I've slept 5,739* nights since the divorce, most of them alone. And despite my efforts to switch sides or move to the center, I cling to the edge. Of my bed.
Last night I stirred, started to turn over, and realized that if I moved even a hair, I'd fall off the bed. I had to move the dog and my pillows to adjust myself in the slightest. This morning, I woke on the edge again.
One of the things I do for my major freelance client is review the work of the 110 editors assigned to me. Writing each review is a laborious process that often involves making retroactive corrections and emailing various people on various matters. When I started in this position, my manager explained what needed to be done and how. I had no idea how many reviews I was expected to complete each week. I did some calculations and came up with what I thought they would expect. I've stayed up half the night, night after night, meeting this expectation that I made up. Earlier this week I discovered the rest of the team had been given a target. And that target is exactly half what I'd been driving myself crazy to accomplish each week. Half.

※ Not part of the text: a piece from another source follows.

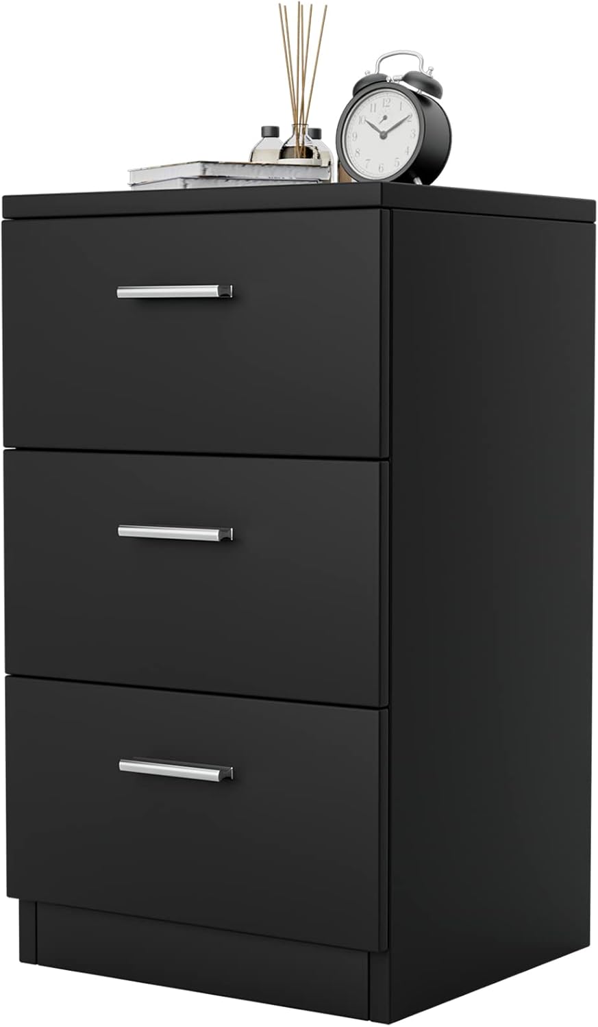 COSTWAY Nachttisch mit 3 Schubladen, Nachtschrank für Boxspringbett, Beistelltisch, Nachtkommode für

For this same company, I sometimes edit when the backlog gets too big. I'm not required to do this, but things get complicated for everyone when the system backs up, so I pitch in when I can manage it outside my usual hours. In an attempt to encourage editors to catch up, the company promised a bonus to the top 50 editors in terms of volume for a 30 day period. Yesterday I received auto-notification that I would receive the bonus. My "help when I can" habit put me in the top 50 producers out of 1200 editors--for a job that is not mine.
So often, I plug along, trying to keep up, only to discover that what seems normal to me appears excessive to others. Could this be why I've slept alone for 5,739 nights? The reason I'm on the edge? It's truly something to think about.
*No worries, folks. I don't keep track--I did the math just for this post. I'm working on my writing, and 5,739 says so much more than "a long time."